# SS 14.08.21 - Martucci #2



## cougarjuno (Jul 1, 2012)

A continuation of the Saturday Symphonies Tradition:

Welcome to another weekend of symphonic listening!

For your listening pleasure this weekend:

*Giuseppe Martucci (1856 - 1909)
*
Symphony no. 2 in F major, op. 81

I. Allegro Moderato
II. Scherzo (Allegro vivace)
III. Adagio non troppo
IV. Allegro

---------------------

Post what recording you are going to listen to giving details of Orchestra / Conductor / Chorus / Soloists etc - Enjoy!


----------



## cougarjuno (Jul 1, 2012)

This week we have a full-blooded big ol' Romantic symphony with Martucci's Symphony no. 2 in F major. The symphony was finished in 1904 and had its first performance that year in Milan. There are a few performances of the work which was a favorite of Maestro Toscanini, and his early recording of the work is below with the NBC Orchestra. Toscanini was a fierce advocate of Martucci's work and many of his concerts included his works. I also listened to the ASV disc with Francesco D'Avalos conducting the Philharmonia for some superior sonics.


----------



## Rogerx (Apr 27, 2018)

Martucci: Symphony No.1 in D minor, Op.75, etc.

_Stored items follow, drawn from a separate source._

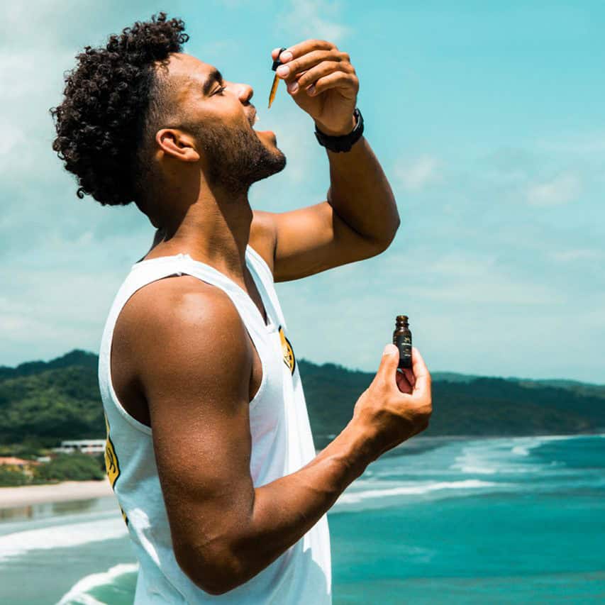 “Recharging the body and mind with my favorite @HempzillaCBD tincture while we wait for swell!”
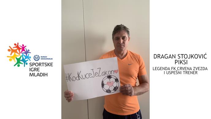 "Ponosni sam ambasador Dunav osiguranje Sportskih igara mladih već dugi niz godina. Ova manifestacija promoviše najbolje sportske i ljudske vrednosti. Nastavak sezone Igara očekujemo uskoro, stoga pripremajte se u svojim domovima, naravno jer "KodKuceJeZakon". Radujem se državnoj završnici Coca-Cola kupa u malom fudbalu, kada ćemo se opet svi družiti", istakao je Peđa Mijatović.
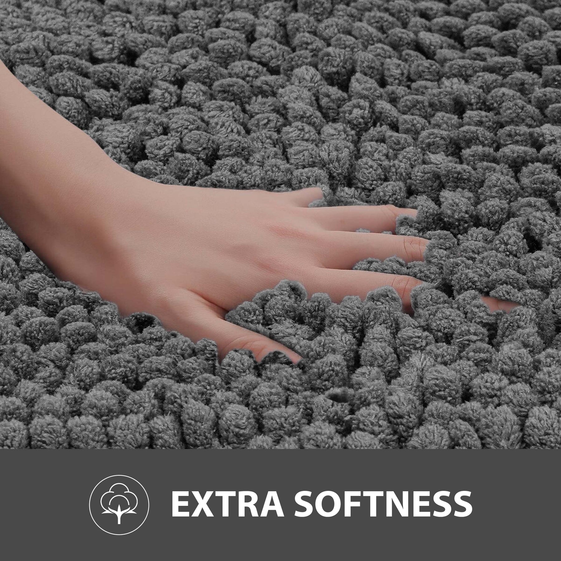 Our Bath & Toilet mat is a soft and comfortable mat designed for use in bathrooms. It is made from chenille yarn, known for its plush and fuzzy texture. This yarn is created by twisting short lengths of yarn between two core strands, giving it a velvety appearance and a gentle feel. These bath mats are available in three versatile colors: grey, charcoal, and white, allowing you to choose one that suits your bathroom décor. They are also easy to maintain, as they are machine washable, ensuring convenience and long-lasting use.

Malaysian Philharmonic Orchestra, Kees Bakels


----------



## Mika (Jul 24, 2009)

Rogerx said:


> Martucci: Symphony No.1 in D minor, Op.75, etc.
> 
> Malaysian Philharmonic Orchestra, Kees Bakels


This one and spotify


----------



## Haydn man (Jan 25, 2014)

I shall give this one a listen also from Spotify


----------



## Haydn man (Jan 25, 2014)

Another enjoyable romantic listen this week. Nothing alarming or ground breaking and doesn’t out stay it’s welcome.
This is a good example of a work that concert audiences would enjoy if only it was programmed, a bit less Beethoven would not go amiss


----------



## Enthusiast (Mar 5, 2016)

I thought I had already posted. I listened to the D'Avalos recording yesterday. I was rather underwhelmed and found little in the work to like and very little that seemed inspired. The first part of the last movement struck me as the best bit but on the whole this was not a work for me.


----------